Епифанию удалось-таки выпихнуть Феодора из проема и захлопнуть дверь.
– Надо стоять в вере, а искать Господа! Насмерть стояти! Нету другой веры, окромя православной! Не-ту-у! – вопил юродивый из сеней, пока волок его монах Епифаний прочь из келий.
– Нажил ты себе лютого неизбывного врага, – грустно посетовал отшельник притихшему юроду, ловко заскакивая в челн и отталкиваясь пехальным шестом от бронницы.

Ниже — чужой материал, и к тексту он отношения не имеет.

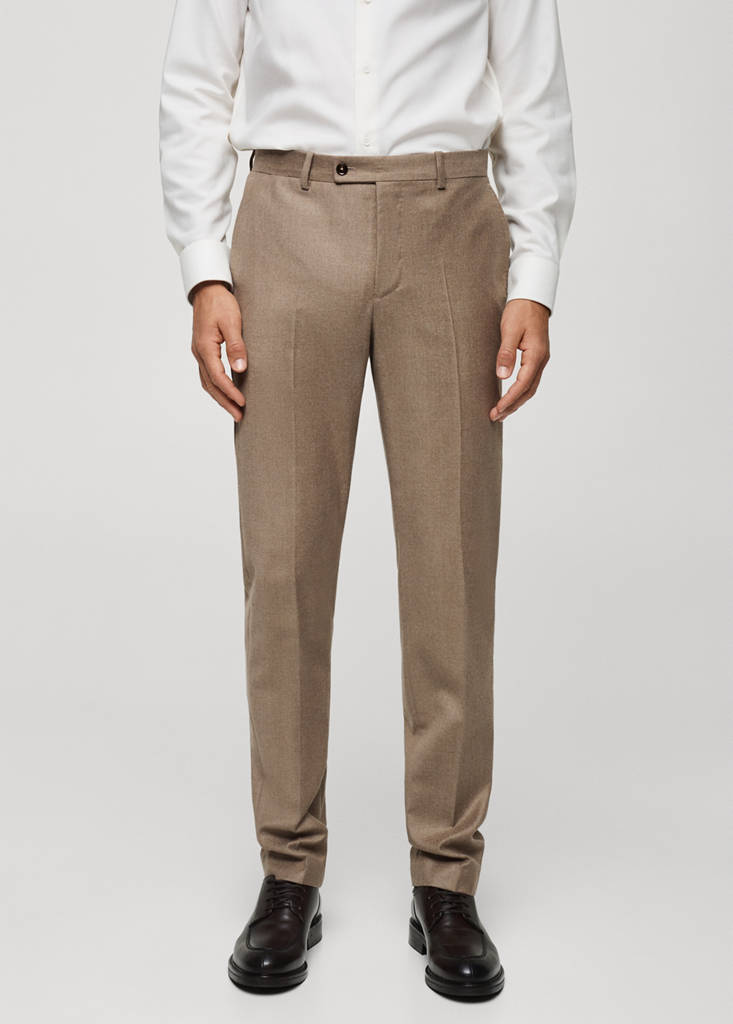 Slim-fit. Rits-, haak- en dubbele knoopsluiting aan de voorkant. Lussen voor riem. Twee zijzakken. Detail van geperste streep aan de voor- en achterkant. Twee paspelzakken met knoop aan de achterkant. Selection Collectie. Gemaakt in Portugal. Stof van 100% scheerwol van het Italiaanse huis LANEROSSI BY MARZOTTO. Knopen aan de binnenkant van de taille voor bretels

Быстро пересекли протоку, по заберегам густо обметанную кугою; на илистой бережине замедлили, вглядываясь в прогал меж сопками, где невидимый затаился скит. – Когда неустрой кругом, как червие, лезет наружу всякая гиль из гнилушек, пенья и трухлявых колод, подменяя собою праведников. И всяк Богом клянется и Святым Писанием. Когда подавался с Соловков, хотел подичее забраться. Дай, думаю, уйду, где безлюдно. Много места на Руси, куда нога человечья не ступала. Взял книги в ношу, сухарей, старцы благословили. Четыреста верст брел тайболой, сел на Виданьском острове… И вот третий год уж ратюсь. Как погребли старца Кирилла. Воюю и плачу. Неизбывно в миру бесов.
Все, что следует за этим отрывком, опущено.